Иногда мне передавали «заказ на вскрытие», распечатанный вторым, чаще молчавшим телетайпом. Он сообщал, что пациент, нуждавшийся в лекарстве, умер, поэтому пакет больше не понадобится. Если во время работы старший фармацевт стучал меня по плечу и передавал такую наклейку, я вставала, подходила к раковине, разрезала (или «вскрывала», отсюда и название) пакет и выливала его содержимое. Затем, на обратном пути, нужно было взять следующий заказ. Однажды «заказ на вскрытие» пришел для пакета пациента химиотерапии, чье имя я каждый день сама выуживала из списка. Я замерла и огляделась, чувствуя, что хотела бы отдать последний долг – да вот только кому?

Время шло, и моя вера в самое важное на свете дело начала сменяться ощущением бессмысленности всей нашей цепочки специалистов, которая поддерживала этот бесконечный ежедневный круговорот заказов и препаратов. С такого, намного более мрачного ракурса казалось, будто больница – лишь место, где людей изолируют и накачивают лекарствами, пока они либо не умрут, либо не выздоровеют. Только и всего. Нельзя никого исцелить. Можно только следовать рецепту, а потом ожидать, что получится.

Как раз в тот момент, когда я достигла пика разочарования, один из преподавателей предложил мне долгосрочный контракт в своей лаборатории, где я могла учиться и работать одновременно. В одночасье у меня появилась финансовая возможность обеспечивать себя до самого выпуска. Так что я перестала спасать чужие жизни – вместо этого меня ждало спасение жизни собственной. Спасение от перспективы сойти с дистанции, вернуться домой и там связаться с каким-нибудь парнем. От свадьбы, сыгранной в провинциальном городке, и от неизбежных детей, которые, став старше, начнут ненавидеть меня за попытки реализовать через них свои амбиции. Вместо этого я выбрала долгий и одинокий путь взросления под потрепанным знаменем первооткрывателя, который хоть и не уповает уже на землю обетованную, но все еще надеется, что там, где он окажется в конце концов, будет лучше, чем здесь.

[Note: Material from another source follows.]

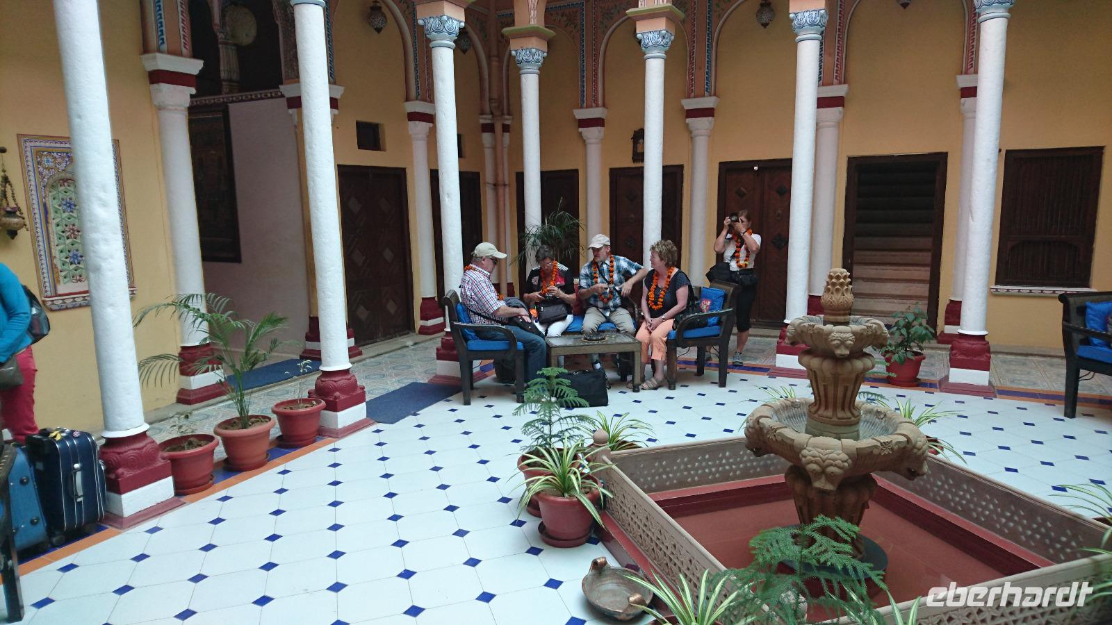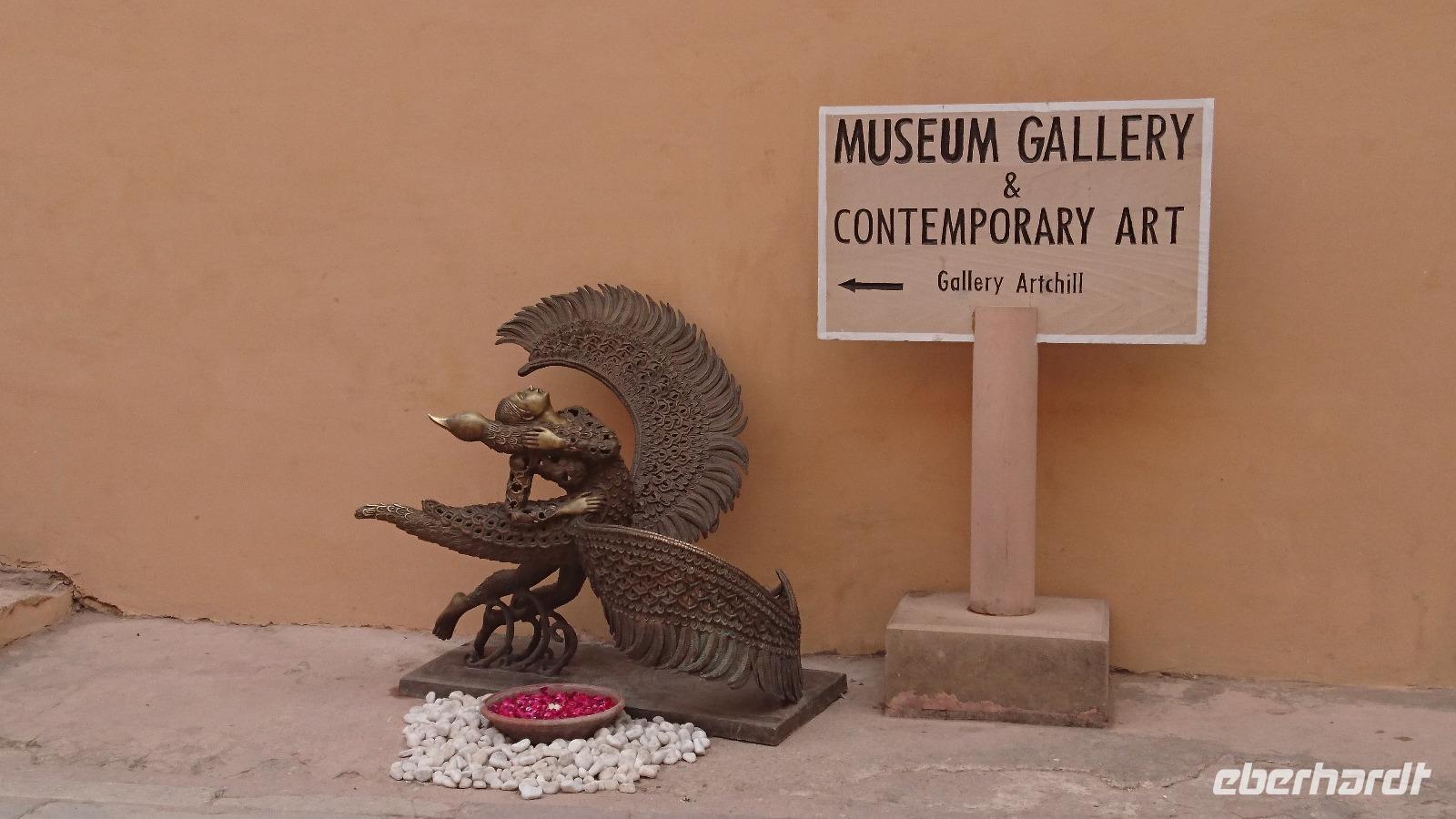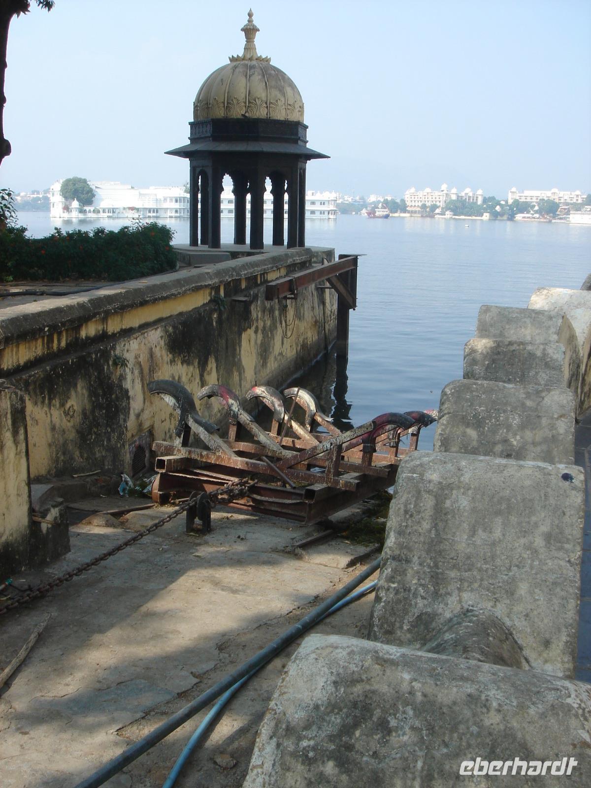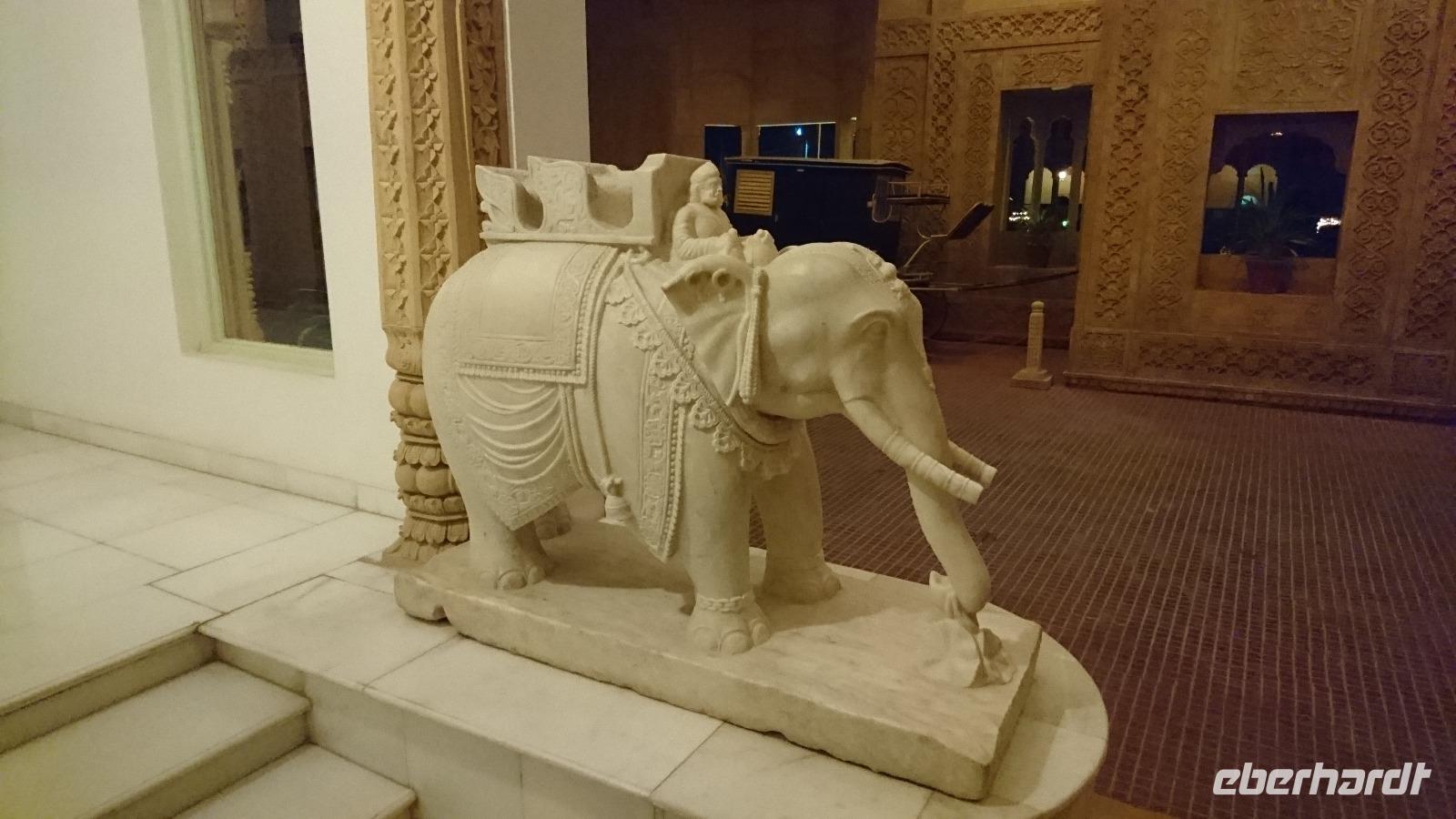 Nach dem Frühstück trafen wir uns heute in der Lobby, um einmal durch Udaipur zu spazieren. Enge Gassen, überall Geschäfte, bald ein Bazar, dazu viele Menschen, die uns ansahen und gleich mit uns gemeinsam freundlich lächelten sahen wir auf unserem Weg zum Stadtpalast. Dieser ist heute noch von der Maharadscha-Familie bewohnt und trotzdem zum Teil zu besichtigen. Man erzählt sich gar, man könne dort ein Cafétrinken mit dem derzeitigen Machthaber im Palast buchen, doch wir sahen uns lieber einige Ausstellungsstücke an, staunten über das Pferd mit dem Elefantenrüssel, mit dem man einmal eine anrückende Armee verunsicherte, entdeckten interessante Szenen auf den vielen in Miniaturmalerei erschaffenen Gemälden und hatten einen guten Blick auf den See und den dortigen Seepalast, der ja Vorbild für den Wasserpalast in Jaipur war, jedoch auch hin und wieder in bekannten Filmen auftaucht, wie z.B. in James Bond 007 - Octopussy. Spöäter standen wir am See und bestiegen kurz darauf ein Boot, das uns entlang der Kulisse aus Stadtpalast, Wasserpalast, verschiedenen 5-Sterne-Hotels und Restaurants zu einer Insel brachte, auf dem sich eines der teuersten Cafés Indiens befand. Von hier hatte man einen weiteren herrlichen Blick über den See und hinüber zum Land. Später fuhren wir ein kleines Stück durch die Stadt und aßen in einem Seerestaurant zu Mittag, ehe wir den großen und vor allem wegen seiner Wasserspiele aber auch von Liebespaaren wegen seiner einsamen Ecken geschätzten Stadtpark Sahelion Ki Bari. Von hier konnten wir zu Fuß in die Werkstatt der Miniaturmalerei gehen und sahen dort, wie die wunderbaren Gemälde im Palast entstanden und was man dazu alles verwendete. Manch einer von uns nahm ein kleines in Udaipur gemaltes Bild auf Seide, Holz, Kamelknochen oder Keramik mit nach Hause. Später fuhren wir zum Hotel, von wo alle, die Lust hatten, nach einer kurzen Ruhephase aufbrachen, um im indischen Nationaltheater ein Puppenspiel und eine Tanzshow zu erleben. Der Tag war wieder mit so vielen Eindrücken ausgefüllt und nach dem Abendessen im Hotel freuten wir uns, erneut etwas Kraft tanken zu können für kommende Erlebnisse.

Предупредив о грядущих переменах отдел кадров, я в тот же день отправилась на перерыв вместе с Лидией. Дымя сигаретой, она убеждала меня не покупать «шевроле» – эти машины не годятся для женщин-водителей. То ли дело «форд»: она ездит на них всю жизнь, и хоть бы один сломался. Дождавшись паузы, я рассказала Лидии о приглашении на другую работу и о своем уходе из лаборатории. Даже проработав тут всего полгода, я начала понимать, какое это адское место – как Лидия и говорила мне с самого первого дня.

С пророческим пафосом заявив, что однажды у меня будет своя лаборатория – даже более крупная, чем та, где мне предстояло работать, – я пообещала брать на работу только людей, разделяющих мою научную страсть, и закончила эту пламенную речь маленьким крещендо: цитатой из десятой главы. Вполне очевидно, говорила я, что «я буду охотней работать в своем доме, чем у кого-нибудь чужого».

Я знала, что Лидия меня слышит, а потому немало удивилась, когда она лишь отвела взгляд и глубоко затянулась, ничего не ответив. Затем, стряхнув пепел с кончика сигареты, она продолжила рассуждать о машинах ровно с того места, на котором остановилась. С работы мы обе вышли в одиннадцать часов, но, подождав немного, в тот вечер я отправилась домой пешком.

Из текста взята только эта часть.